Eva Buzo

Personal information
- Nationality: Australian
- Born: 1986 (age 39–40)
- Relatives: Alex Buzo (uncle), Zihni Buzo (grandfather)

Sport
- Sport: Swimming

= Eva Buzo =

Australian marathon swimmer

Eva Buzo (born 1986) is an Australian marathon swimmer and human rights barrister. She is the first woman to complete the Strait of Otranto swim, holds the record for earliest English Channel crossing in the season by a woman, and is the first person to complete a swim between Juanchaco and Buenaventura in Colombia. Her human rights work focuses on international criminal law and conflict situations. She was the lawyer of slain Rohingya activist Mohib Ullah. She is the granddaughter of Australian Albanian civil engineer Zihni Buzo (1912-2006) and niece of Australian writer Alex Buzo (1944-2006).

== Marathon swimming ==

After swimming competitively as a child, Buzo took up marathon swimming in 2020 during the COVID-19 pandemic in Australia. Her first recorded marathon swim was a two-day, 77-km Derwent River swim in Tasmania, Australia on 24 and 25 March 2022.

=== Notable swims ===

Buzo has completed three swims which are recognised as "firsts":

==== Strait of Otranto ====

After her first attempt in June 2023 was unsuccessful, Buzo swam 92 kilometres (ratified by the Marathon Swimmers Federation as 77.2km point-to-point) from Lecce, Italy to Vlorë, Albania on 17-19 August 2024 in 34 hours and 52 minutes. She is recognised as the first woman to complete the crossing. She chose the swim to pay tribute to the 50 Albanians who died in March 1997 trying to cross from Albania to Italy and to honour her Albanian Australian grandfather, Zihni Buzo (1912-2006).

==== English Channel ====

Buzo departed Shakespeare Beach, Dover at 23:15 on 5 June 2024, completing the crossing in 10 hours and 49 minutes. The water temperature during the swim was 13 degrees Celsius. She currently holds the record for the earliest Channel crossing in the season by a woman.

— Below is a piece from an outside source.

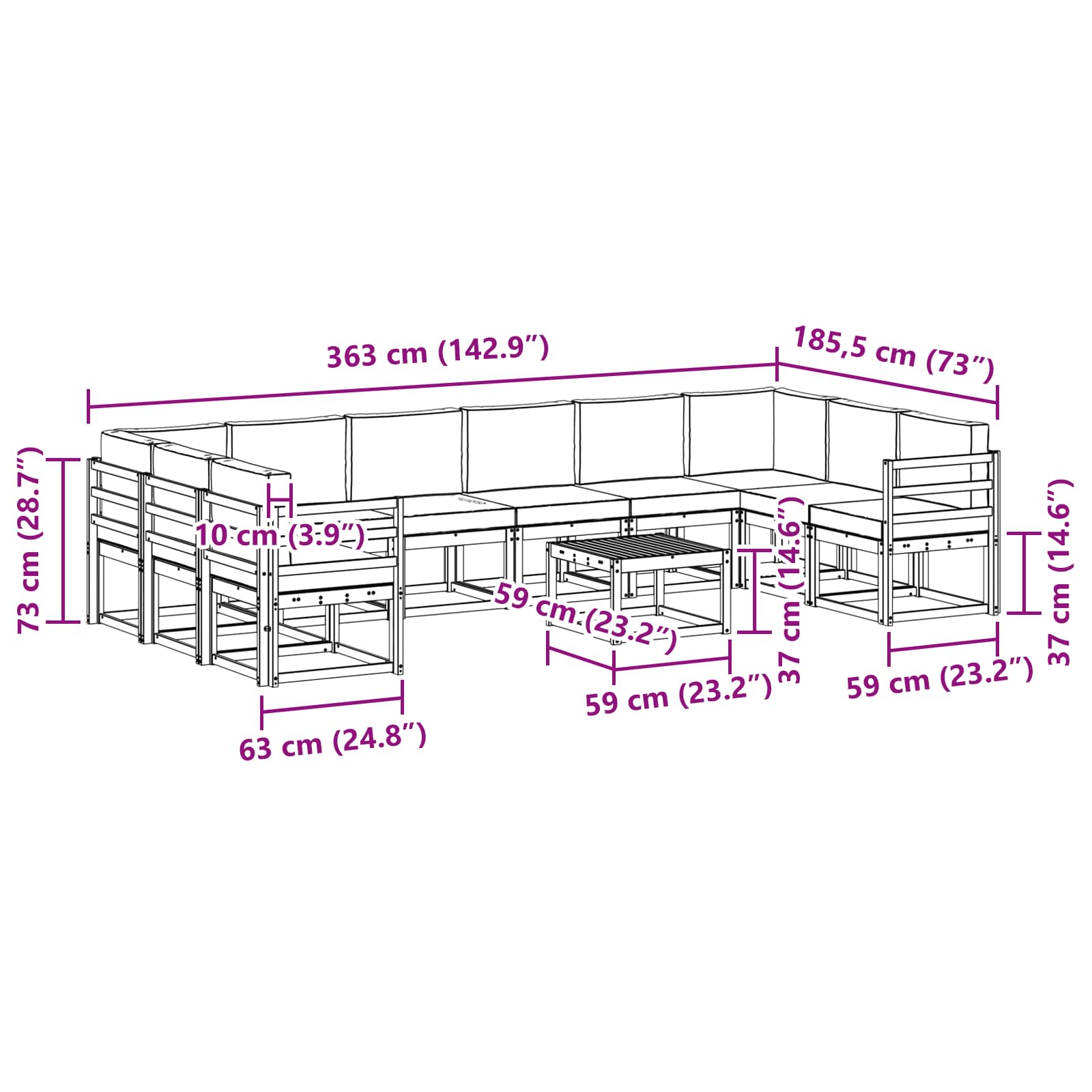 - 10 x sedežna blazina: 60 x 60 x 8 cm (D x Š x V)

==== Juanchaco to Buenaventura, Colombia ====

Buzo completed the 40km swim from Juanchaco to Buenaventura on 21 June 2025 in more than 10 hours. Her stated goal was to "pay tribute and give visibility to the resistance of the people of Buenaventura". She is considered the first person to complete the swim.

Other notable swims include:

==== Protest swim around Sazan Island ====

Buzo decided to undertake the swim after learning that her younger cousin was at the Flamingo Revolution protests. On 6 June 2026, she swam 15km around Sazan Island in Vlorë, Albania to protest the development of the island by the Trump family.

== Human rights work ==

Buzo is a human rights barrister and executive director of human rights organisation Humanus. Her decision to join the human rights field was inspired by her late grandfather Zihni Buzo's passion for serving others and by watching the breakup of Yugoslavia and the situation with Kosovo. Her work has focused on international criminal law and conflict situations, specifically in Myanmar with the Rohingya people. She represented Rohingya activist Mohib Ullah at the time of his murder. Through Humanus she has also represented civilian victims of United States military operations in Somalia.